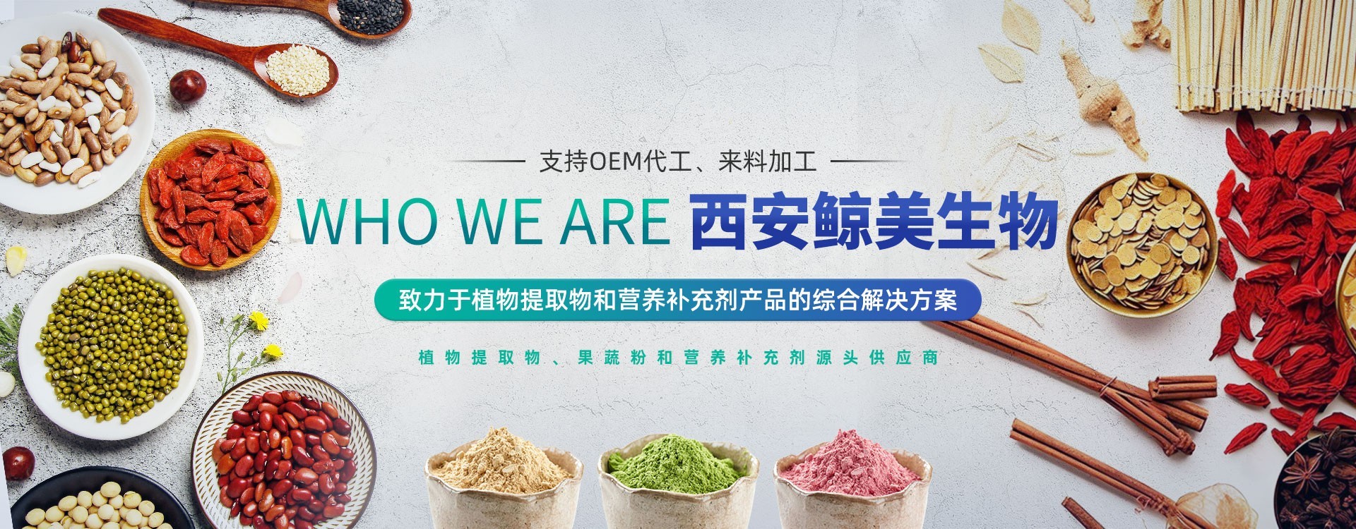 西安鯨美生物科技有限公司專注于植物提取物、營養補充劑和化妝品原料的研發,生產,銷售和產品綜合解決方案。公司專業為食品,化妝品,保健品等行業的客戶為客戶提供可靠的產品和優質的服務,持之以恒的的為客戶創造價值。 鯨美生物高度重視產品質量,技術創新和客戶滿意度提升,我們堅信這是我們成功的關鍵.公司與多家科研機構和院校建立了長期穩定的技術和業務合作關系。在陜西,云南,甘肅,四川,廣西等地建立合作式原料基地,公司采用先進的生產工藝,配備了完善的設備設施,整個生產流程從進料-加工-檢驗-出廠-售后服務等各環節都嚴格按照ISO9001質量管理體系進行。依托多年的生產和服務經驗,產品遠銷美國,加拿大,澳大利亞,歐洲...
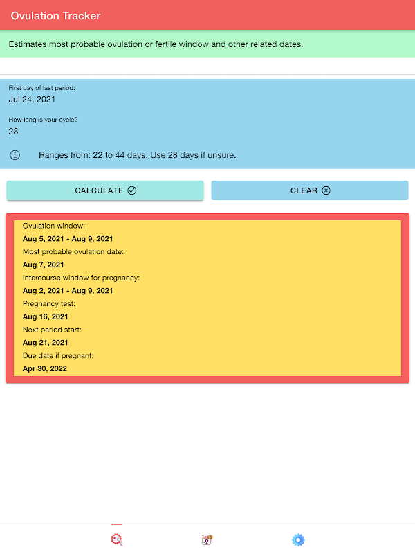 🔸 Avaliação rápida da janela de ovulação, data mais provável de ovulação e janela de relação sexual para gravidez
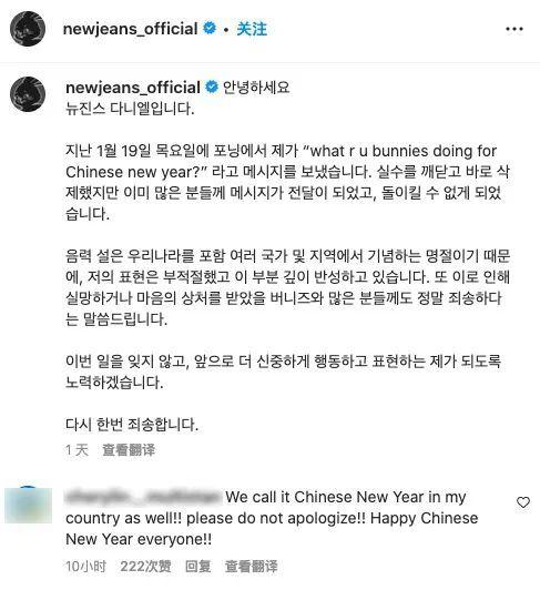 此事在韩网引发争议后,丹妮尔1月21日通过组合Instagram账号发文道歉,称自己意识到“错误”后立即删除了那句问候信息,但由于很多人已经看到了,变得无法挽回。
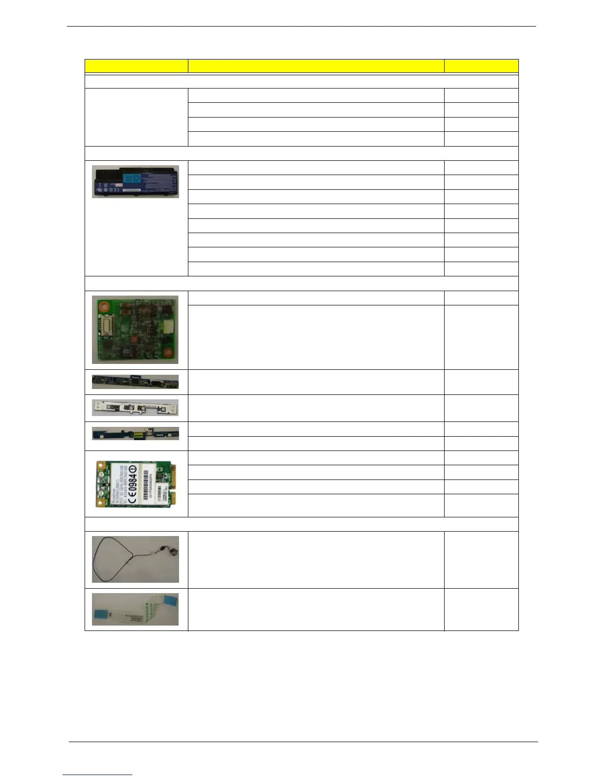 eMachines E720/E520 FRU List

◇ ◇ ◇ ◇ ◇ ◇ ◇

• [ABOUT THIS TASK]
Your copy should match the data above exactly, apart from the pictures.

• [ANSWER TO THIS EXERCISE]
 西安鯨美生物科技有限公司專注于植物提取物、營養補充劑和化妝品原料的研發,生產,銷售和產品綜合解決方案。公司專業為食品,化妝品,保健品等行業的客戶為客戶提供可靠的產品和優質的服務,持之以恒的的為客戶創造價值。 鯨美生物高度重視產品質量,技術創新和客戶滿意度提升,我們堅信這是我們成功的關鍵.公司與多家科研機構和院校建立了長期穩定的技術和業務合作關系。在陜西,云南,甘肅,四川,廣西等地建立合作式原料基地,公司采用先進的生產工藝,配備了完善的設備設施,整個生產流程從進料-加工-檢驗-出廠-售后服務等各環節都嚴格按照ISO9001質量管理體系進行。依托多年的生產和服務經驗,產品遠銷美國,加拿大,澳大利亞,歐洲...
 🔸 Avaliação rápida da janela de ovulação, data mais provável de ovulação e janela de relação sexual para gravidez
 此事在韩网引发争议后,丹妮尔1月21日通过组合Instagram账号发文道歉,称自己意识到“错误”后立即删除了那句问候信息,但由于很多人已经看到了,变得无法挽回。
 eMachines E720/E520 FRU List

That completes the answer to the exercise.